Why do most individuals who would benefit from hearing aids not try them? The adoption rate for hearing aids is relatively low, even in countries in which hearing aids are available free of charge (e.g. the UK and Norway). In the UK, less than 25% of adults with thresholds >35dB HL use hearing aids [1]. Those that do use hearing aids have waited around 10 years before seeking help for hearing problems [1].

Devices that can be used directly upon purchase (or after slight fine-tuning at home) without the support of an audiologist are known as direct-to-consumer (DTC) hearing devices. It has been speculated that these devices will increase the overall adoption rate because they are relatively cheap and might empower people to self-manage their hearing health.

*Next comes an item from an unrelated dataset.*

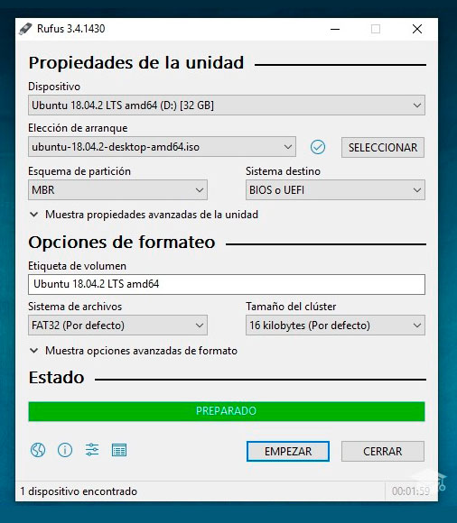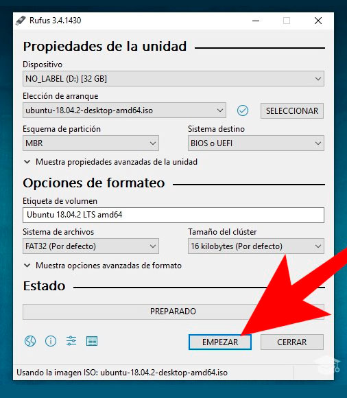 Finalmente presionamos el botón de empezar y el proceso de booteo iniciara mostrando un mensaje de preparado al culminar.

In addition, when a person chooses to use such a device, it frees up audiologists’ time to deal with the more complex cases. However, selecting inappropriate devices could also discourage people from trying other forms of amplification.

“DTC manufacturers will need to ‘up their game’ to produce devices that are capable of competing with the NHS hearing aid”

A report by the US President’s Council of Advisers on Science and Technology (PCAST) recommended improving access to hearing healthcare by creating a new category of approved DTC hearing devices to improve audibility that can be purchased without needing to see a healthcare professional [2]. Although DTC devices have long been available, the PCAST report has opened the floodgates for further development in the DTC device market.

We evaluated 28 DTC devices bought in the UK on the internet and compared these to the most popular NHS hearing aid in 2018 (Oticon Spirit Zest, an eight-channel thin-tube delivery behind-the-ear hearing aid). We compared i) features, ii) electroacoustic performance, iii) ability to match prescribed gain to common mild/moderate audiograms and iv) cosmetic appearance.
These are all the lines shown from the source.